Teure Folgen hätte auch die EU-Konformitätserklärung, die für Besteck und Messer gelte. „Diese Anforderungen sind zwar entscheidend für die Lebensmittelsicherheit, jedoch besonders kostspielig und aufwändig, da regelmäßige und teure Prüfungen notwendig sind.“ Jede Charge muss laut Gehring den geltenden Standards entsprechen, was nicht nur hohe Prüfkosten verursache, sondern auch wertvolle Produktionszeit in Anspruch nehme. „Für mittelständische Betriebe ist es oft schwer, diese Prüfungen zu finanzieren, wodurch sie im internationalen Wettbewerb unter Druck geraten.“

Eine pragmatische Lösung sieht er darin, die Dokumentationspflichten für mittelständische Betriebe zu vereinfachen und zentrale Plattformen einzuführen. „Beispielsweise könnten Zulieferer und Produzenten ihre Lieferketten-Daten in eine gemeinsame Datenbank eintragen, die dann von allen Beteiligten abgerufen werden kann. Diese zentrale Datenhaltung könnte den Aufwand für den einzelnen Betrieb deutlich reduzieren.“ Eine ebenfalls sinnvolle Alternative wäre es aus seiner Sicht, kleinere und mittlere Unternehmen mit spezifischen Förderprogrammen für die hohen Prüf- und Zertifizierungskosten zu entlasten. „Subventionen für kostenintensive Prüfungen könnten die finan­ziellen Hürden abmildern.“ Bei Konfor­mitätserklärungen ließe sich durch standardisierte Prüfpakete der Aufwand setzen.
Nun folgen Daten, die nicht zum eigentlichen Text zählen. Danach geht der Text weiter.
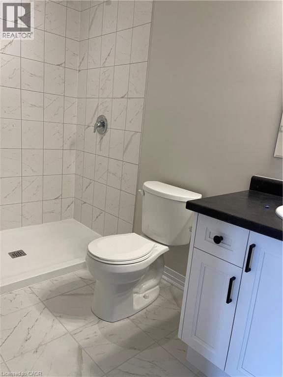 Full bathroom with a tile shower and vanity
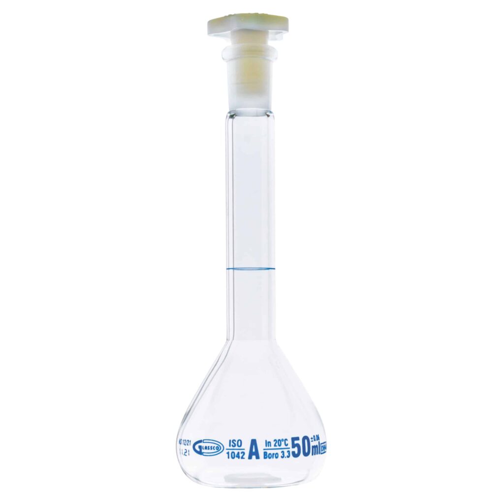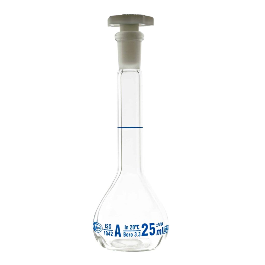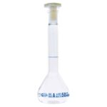 Kolba miarowa ze szkła borokrzemowego 3.3 z korkiem wykonanym z polietylenu (PE). Dostępne różne rozmiary.
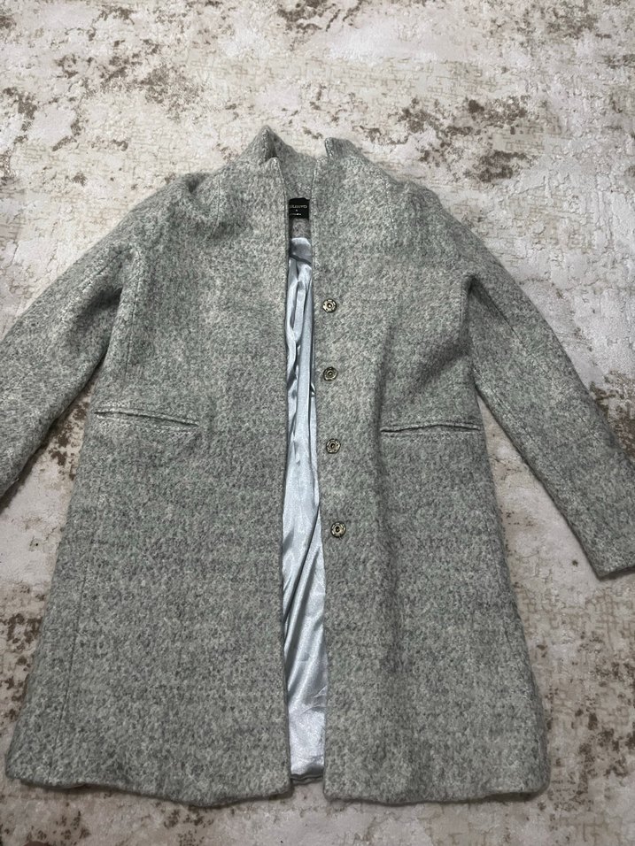 Gri renkli, düğmeli ve iki cepli kadın kabanı. Yumuşak dokulu kumaşa ve rahat iç astara sahiptir.
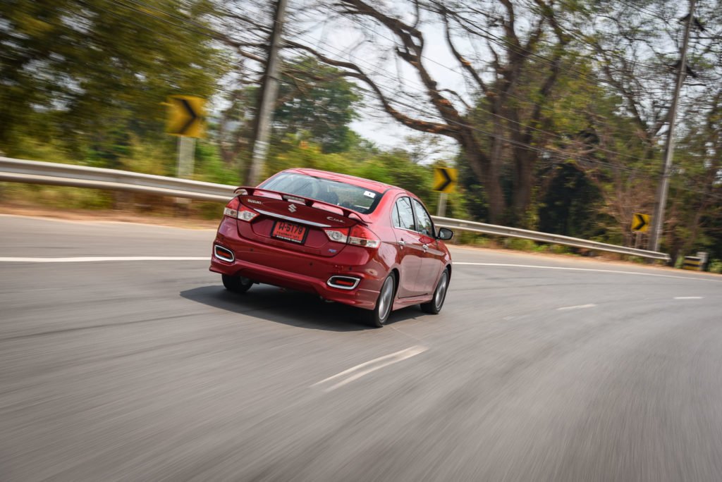 ช่วงล่างของ Ciaz RS ให้ความมั่นใจในการขับความเร็วสูงได้ดี ขับทางตรงค่อนข้างเกาะถนน ไม่ส่าย ไม่โคลง และยังดูดซับแรงสะเทือนจากเส้นหรือรอยปะได้ดี เมื่อเจอโค้งก็ยังคงรักษาการทรงตัวได้ดี ไม่ยวบย้วย ไม่โยนมากจนเกินไป ขณะที่พวงมาลัยก็มีน้ำหนักมากขึ้นเมื่อใช้ความเร็วสูงแต่ยังมีความแม่นยำและควบคุมง่าย

Über „unzählige Bauvorschriften und komplizierte Bauanträge“ schüttelt Axel Blankennagel den Kopf. „Die Bearbeitung neuer Vorhaben ist viel zu komplex angelegt, die Bearbeitung dauert viel zu lange und ist hoch formalistisch.“ Aus Sicht des Bus- und Reise-Unternehmers sind zu viele Entscheider eingebunden. „Die unzureichende Personalausstattung der Bauämter ist ein teurer Hemmschuh, ebenso die fehlende oder nur rudimentäre Digitalisierung in den Abläufen.“

Hintergrund: Das Wuppertaler Unternehmen Rheingold-Reisen befindet sich seit vergangenem Frühjahr mit seinen Tochterunternehmen auf einem neu gebauten Betriebshof. Das Areal bietet nun ausreichend Platz für die größer werdende Busflotte und ist zudem auf E-Mobilität eingestellt. Blankennagel wünscht sich die Überarbeitung und vor allem „Entschlackung“ bestehender Vorschriften. „Außerdem wäre es sinnvoll, wenn es in jedem Bauamt einen einzigen festen Ansprechpartner für den Antragsteller gäbe. Dieser Ansprechpartner könnte dann alle intern notwendigen Schritte koordinieren.“ Weiterhin sollten Mitarbeiter im Homeoffice telefonisch erreichbar sein.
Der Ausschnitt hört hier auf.